Roasters usually offer discounts to those who have purchased regularly.

Keep an eye on the banners for discounts though


----------



## Mrboots2u (May 10, 2013)

the search function is your friend

http://coffeeforums.co.uk/showthread.php?26830-Caramel-caramel-caramel-wanted-!&highlight=caramel


----------



## DoubleShot (Apr 23, 2014)

Post #7 in above thread (boots beat me to posting the link!)


----------



## Tigermad (Sep 7, 2015)

Thanks for the replies. Going to plump for the 2 I mentioned for now, they look good. Hope they don't end up down the sink because I can't dial them in. :-(


----------



## Mrboots2u (May 10, 2013)

Tigermad said:


> Thanks for the replies. Going to plump for the 2 I mentioned for now, they look good. Hope they don't end up down the sink because I can't dial them in. :-(


Start on a finer grind and then if you need to adjust go coarser - this will help you miss out humps of sweetness , as opposed to starting coarse and adjusting finer

to quote james connar wallace









"i'd say as a general rule for both start by going pretty fine witg long brew times. If it tastes dry, bitter and flat that's over extracted. From there just coursen up and shorten times until you hit the sweet spot where it all tastes amazing. "


----------



## Tigermad (Sep 7, 2015)

Mrboots2u said:


> Start on a finer grind and then if you need to adjust go coarser - this will help you miss out humps of sweetness , as opposed to starting coarse and adjusting finer
> 
> to quote james connar wallace
> 
> ...


thanks, sounds brilliant advice as always mrboots2u.
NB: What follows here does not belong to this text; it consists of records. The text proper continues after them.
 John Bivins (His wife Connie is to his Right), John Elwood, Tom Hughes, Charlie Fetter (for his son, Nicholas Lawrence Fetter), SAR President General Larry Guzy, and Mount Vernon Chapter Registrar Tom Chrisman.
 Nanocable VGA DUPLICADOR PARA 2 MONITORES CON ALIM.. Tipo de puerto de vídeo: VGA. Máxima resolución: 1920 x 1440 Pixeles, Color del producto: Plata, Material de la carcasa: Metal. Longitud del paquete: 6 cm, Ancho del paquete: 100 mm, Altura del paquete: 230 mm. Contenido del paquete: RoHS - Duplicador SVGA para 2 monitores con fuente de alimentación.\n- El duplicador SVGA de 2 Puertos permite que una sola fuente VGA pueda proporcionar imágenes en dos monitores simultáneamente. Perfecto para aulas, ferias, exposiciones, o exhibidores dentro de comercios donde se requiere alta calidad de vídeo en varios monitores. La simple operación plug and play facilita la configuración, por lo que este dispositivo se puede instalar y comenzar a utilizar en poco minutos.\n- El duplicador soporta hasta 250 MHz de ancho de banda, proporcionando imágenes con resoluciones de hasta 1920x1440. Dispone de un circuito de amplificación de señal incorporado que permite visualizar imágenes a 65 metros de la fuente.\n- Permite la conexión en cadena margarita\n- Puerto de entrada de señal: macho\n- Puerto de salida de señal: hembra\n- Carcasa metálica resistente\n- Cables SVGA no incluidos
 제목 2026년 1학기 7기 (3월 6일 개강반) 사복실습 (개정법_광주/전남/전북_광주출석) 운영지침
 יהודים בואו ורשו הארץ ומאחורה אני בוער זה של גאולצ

Shall I stick to 1:2 ratio with a long brew time, don't want to change too many variables.


----------



## Mrboots2u (May 10, 2013)

Tigermad said:


> thanks, sounds brilliant advice as always mrboots2u. Shall I stick to 1:2 ratio with a long brew time, don't want to change too many variables.
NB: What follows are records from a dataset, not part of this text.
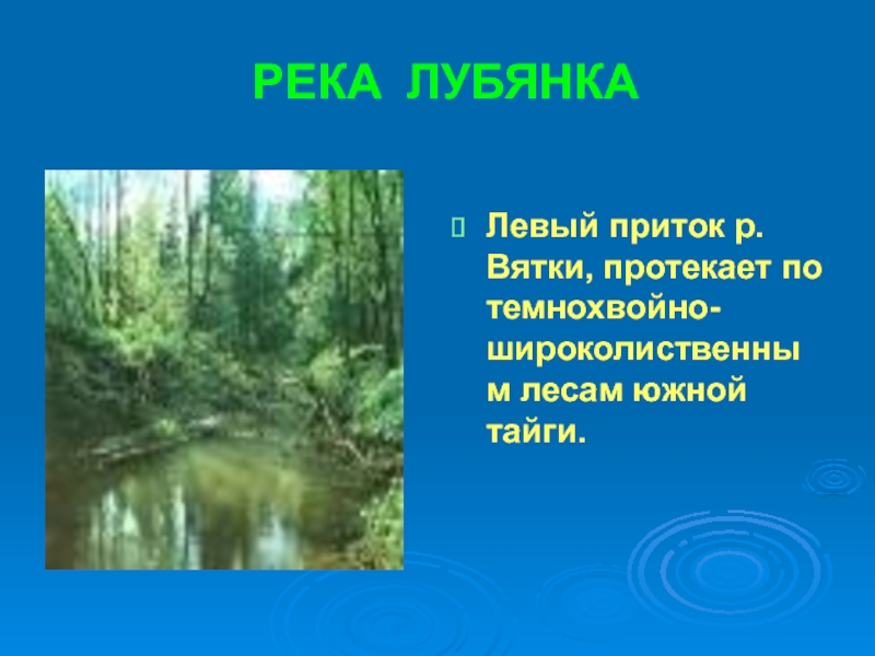 РЕКА ЛУБЯНКАЛевый приток р.Вятки, протекает по темнохвойно-широколиственным лесам южной тайги.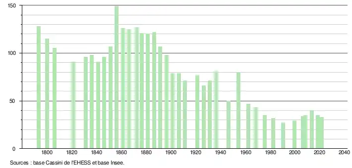 L'évolution du nombre d'habitants est connue à travers les recensements de la population effectués dans la commune depuis 1793. Pour les communes de moins de 10 000 habitants, une enquête de recensement portant sur toute la population est réalisée tous les cinq ans, les populations légales des années intermédiaires étant quant à elles estimées par interpolation ou extrapolation[18]. Pour la commune, le premier recensement exhaustif entrant dans le cadre du nouveau dispositif a été réalisé en 2008[19].
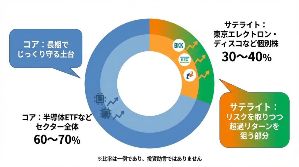 個人投資家が、「第2ラウンドの半導体相場」に付き合うのであれば、コア・サテライト戦略で考えるのが現実的だと思います。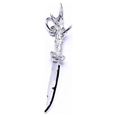 Stříbrný přívěšek ve tvaru loveckého nože. Velikost stříbrného přívěšku je 39 mm. Materiál je stříbro 925/1000. Orientační váha přívěsku je 1,35 g.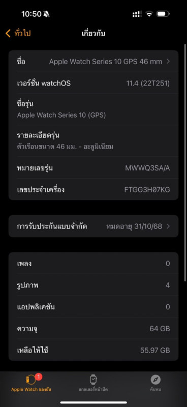 ปล่อย Apple Watch Series 10(GPS) 46MM. ประกันศูนย์เหลือถึง 31/10/68 ตัวเครื่องไม่มีรอย ขายเพราะตัวเรือนใหญ่🥹 ปล่อย12000บาท แถมเคส SKINARMA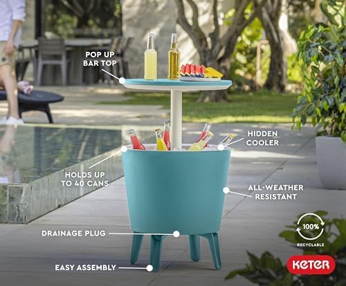 Keter Modern Cool Bar Outdoor Patio Furniture and Hot Tub Side Table with 7.5 Gallon Beer and Wine Cooler, Teal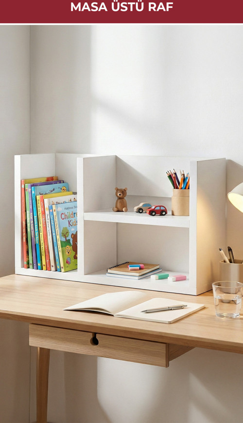 Fonksiyonel Raf Yapısı: Kitap, defter, kalem, ofis malzemeleri, baharat, kupa, dekoratif ürünler ve küçük aksesuarlar için uygundur.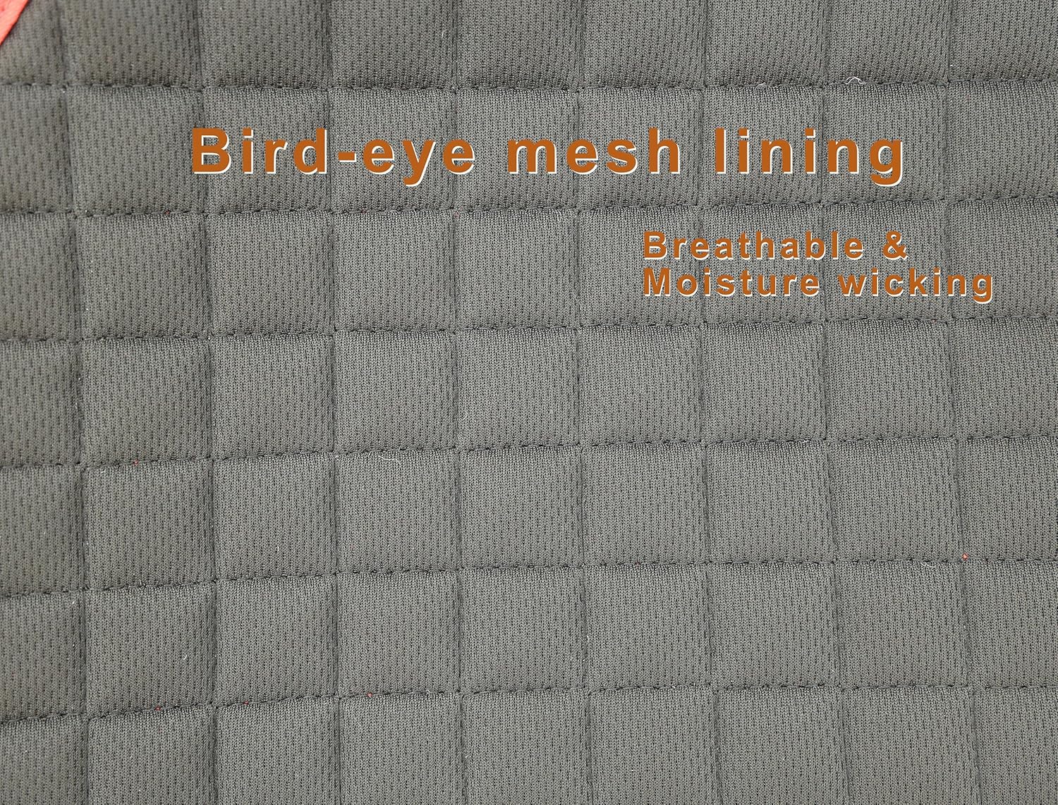 - The bird-eye mesh cloth as lining effectively controls heat and sweat, efficiently wicking away moisture. The pique surface helps keep it from slipping.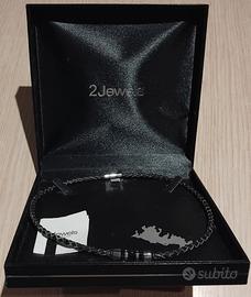 Collana di colore nero, caratterizzata da una chiusura magnetica e da perline tubolari decorative in metallo argentato.
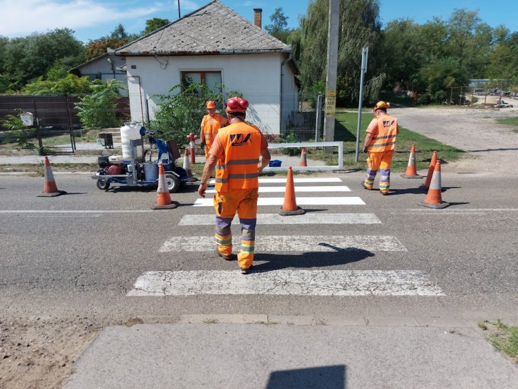 A korábban kialakított gyalogátkelőhely festését végzik, amelynek eredményeként egy biztonságos, fényvisszaverő, modern zebrát használhatnak ezentúl a gyalogosok.

Yeah if it works for you - good starting point

this is good reading if

http://coffeeforums.co.uk/showthread.php?22879-Beginners-Reading-Weighing-Espresso-Brew-Ratios

http://www.baristahustle.com/coffee-extraction-and-how-to-taste-it/


----------



## Tigermad (Sep 7, 2015)

How long should I let the beans rest if they were roasted today? A week?


----------



## risky (May 11, 2015)

If it's for espresso and espresso based drinks that's probably a safe bet, although a lot of has bean stuff is OK for espresso from the get go.


----------



## Mrboots2u (May 10, 2013)

5-7 days will be fine - I wouldn't stress over it tho as risky says . Will get easier to dial in after 5 days I suspect


----------



## h1udd (Sep 1, 2015)

DoubleShot said:


> unless individual beans are made available


individual beans .... That takes coffee obsession to a whole new level.
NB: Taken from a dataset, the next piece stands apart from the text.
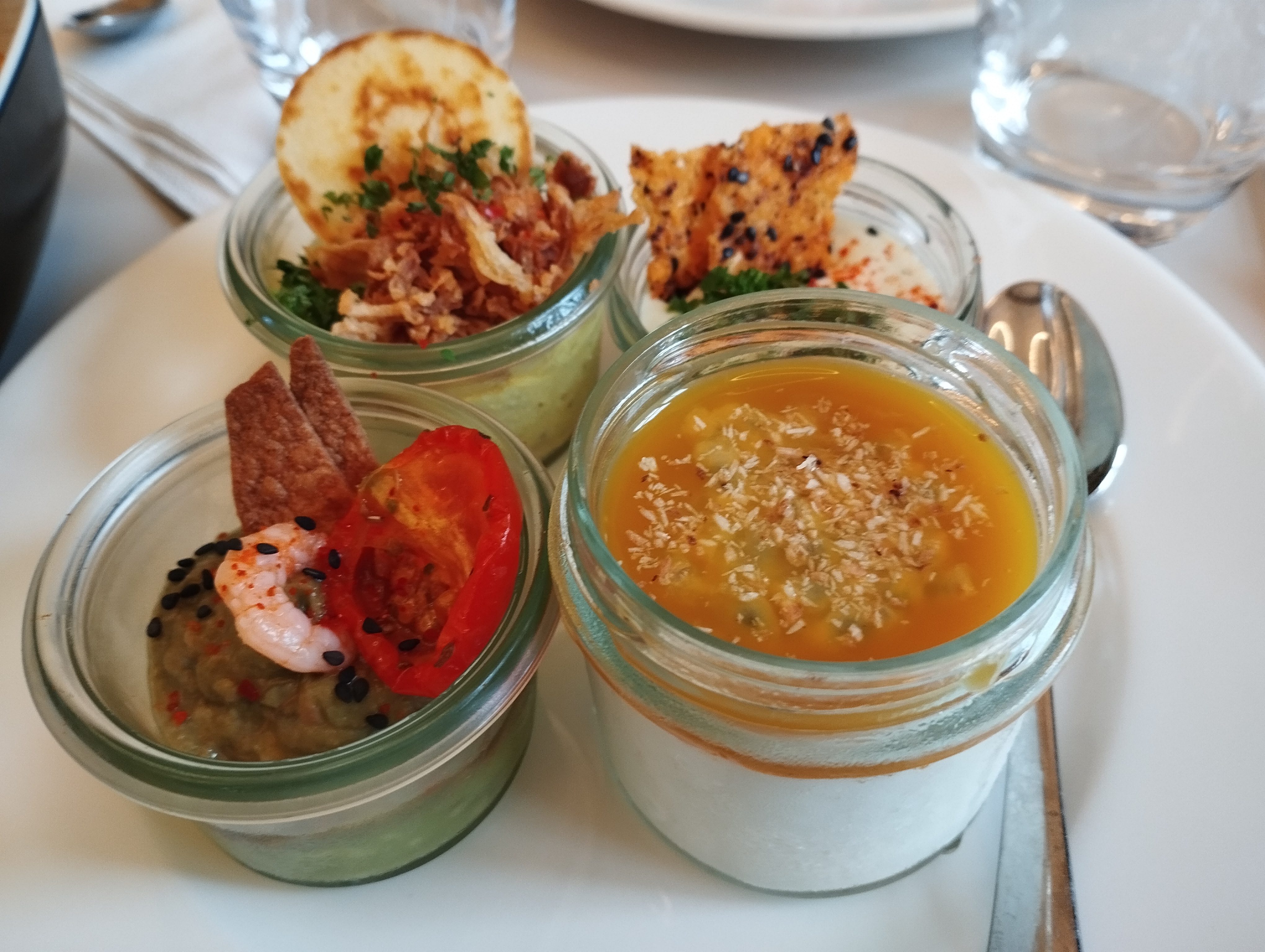 Très bonne surprise pour un lieu touristique. Menu découverte avec un plat et 4 verrines pour 17 euros et tout était vraiment très bon avec du goût (verrines : en entrée, crème de petit pois ; salade de pâtes au pesto, en dessert mousse au chocolat ; crème de mangue ; le plat : risotto champignons parmesan).

Back on topic though, I find that beans roasted with espresso in mind tend to dial in easier and hold their grind longer with out needing adjustment ... Whether this is a placebo or they are roasted darker, I don't know, but I have had more consistency from the espresso intended roasts if that helps


----------



## Tigermad (Sep 7, 2015)

Thanks. I will be mainly using them for espresso so I will keep them in their bags and start using them the weekend.


----------